* **What the task requires**: Starting at the first line of the data, please print exactly those lines through the one that holds "酒店位置相当不错,公共区域装", omitting every picture.

* **Collected material**:

((

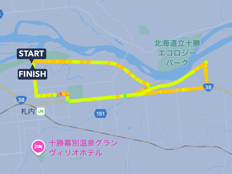 6月の目標であった月間300kmランニングまであと僅か。駐車場に車を停めてひたすら河川敷を東方面にひた走り、十勝川温泉に向かう十勝中央大橋を渡らずにスルーして「魚道観察室ととろーど」なる施設で折り返して18kmほどのランニング完了🏃
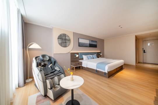 酒店位置相当不错,公共区域装修简约大气,灯光柔和不嘈杂。房间更是惊喜,床品柔软亲肤,桌面、地面、卫浴都一尘不染,没有异味;空调、WiFi稳定,隔音效果不错,晚上睡得很踏实。前台小姐姐/小哥哥全程热情周到,办理入住迅速,主动告知周边餐饮,还帮忙提行李,有问必答超贴心。
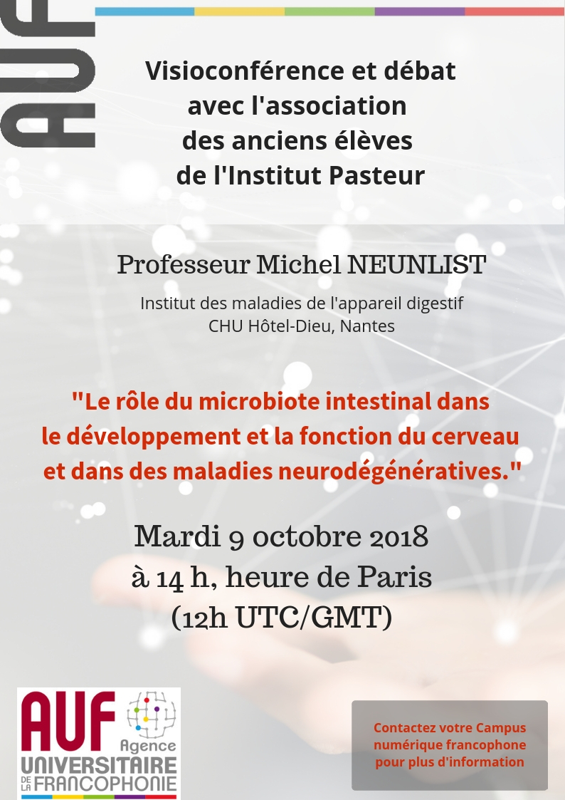 En collaboration avec l'Association des Anciens Élèves de l'Institut Pasteur (AAEIP) et la Direction Déléguée de l'Enseignement de l'institut Pasteur, l'Université de Nantes, la Direction régionale Europe de l'Ouest et les Campus numériques francophones de l'Agence universitaire de la Francophonie organisent une visioconférence suivie d'un débat scientifique le mardi 9 octobre (14h, heure de Paris).
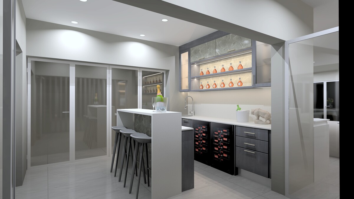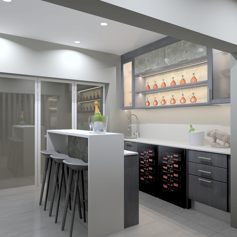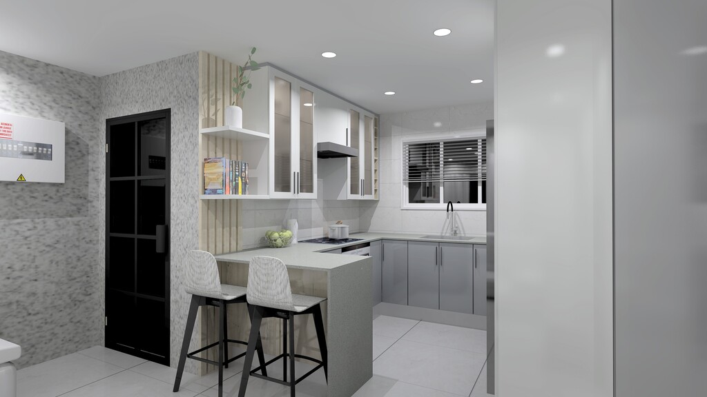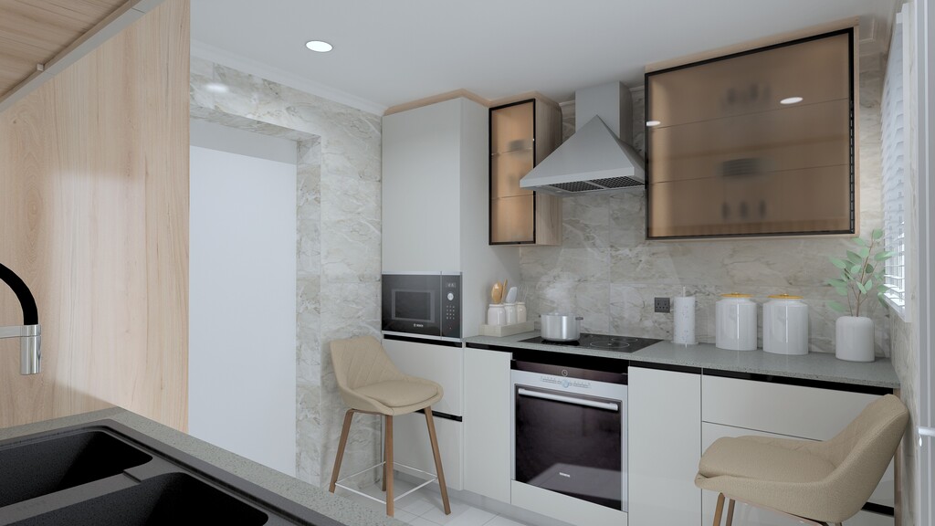 Kitchen renovation proposal, practical space with all functional elements with a touch of premium. Glass wall units and breakfast nook with additional floor cabinets

))

* **Output of the task**:
 6月の目標であった月間300kmランニングまであと僅か。駐車場に車を停めてひたすら河川敷を東方面にひた走り、十勝川温泉に向かう十勝中央大橋を渡らずにスルーして「魚道観察室ととろーど」なる施設で折り返して18kmほどのランニング完了🏃
 酒店位置相当不错,公共区域装修简约大气,灯光柔和不嘈杂。房间更是惊喜,床品柔软亲肤,桌面、地面、卫浴都一尘不染,没有异味;空调、WiFi稳定,隔音效果不错,晚上睡得很踏实。前台小姐姐/小哥哥全程热情周到,办理入住迅速,主动告知周边餐饮,还帮忙提行李,有问必答超贴心。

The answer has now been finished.